Characterization of pediatric onset common variable immunodeficiency (CVID) in a large cohort
Saturday, March 3, 2018
South Hall A2 (Convention Center)
Carolyn H. Baloh, MD, Anupama Reddy, PhD, Rebecca H. Buckley, MD FAAAAI, Patricia L. Lugar, MD MS
RATIONALE: Pediatric-onset CVID is poorly characterized with a sparse number of dedicated reports that lack longitudinal follow-up to allow for understanding the disease’s impact with time. This study sought to better characterize pediatric CVID in a large cohort of CVID patients followed at an academic center for up to 31 years.

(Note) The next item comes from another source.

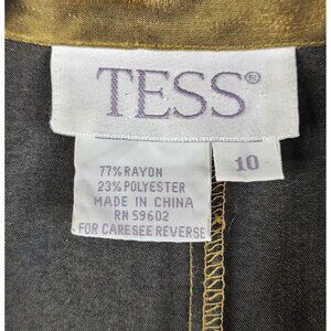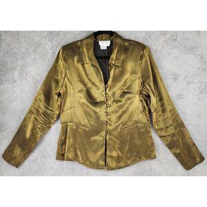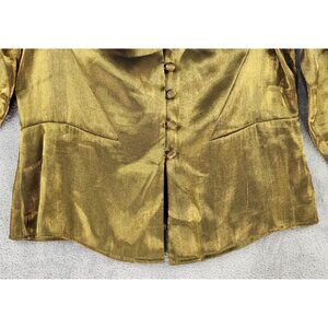 Tess Shirt Womens 10 Gold Metallic Retro Button Up Long Sleeve Blouse Vintage

METHODS: We performed a chart review of all patients seen at a large academic institution with a diagnosis code of CVID, ICD-9 279.06 and/or ICD-10 D83.9, (n=204) from January 2005 to 2016. Two reviewers confirmed the diagnosis. Data recorded included disease characteristics, comorbidities, and outcomes. Odds ratios and Fisher tests were utilized to examine trends. This study was IRB approved.

RESULTS: 91 first displayed symptoms at a pediatric age (<18 years), and of these 2/3 were diagnosed within 5 years of symptom onset. The most common infection types were sinusitis, otitis media, pneumonia, bronchitis, and varicella. Autoimmune cytopenias were significantly correlated with pediatric males (p<0.05). Lung nodules, suggesting granulomatous lymphocytic interstitial lung disease, were significantly correlated with pediatric females (p<0.05). Pediatric onset was inversely correlated with cancer development (p<0.05). Deceased patient status (n=13) was correlated with pediatric symptom onset (OR 3.38, p<0.05). Infection was the most common cause of death, and 70% had baseline IgA levels <=6.

CONCLUSIONS: Pediatricians have improved in their recognition of CVID, and should continue to send immunoglobulin levels for patients with recurrent infections and with autoimmune cytopenias. Despite early diagnosis, pediatric-onset CVID was significantly correlated with mortality. Data suggest mortality attributable to secondary immunosuppression to manage comorbidities.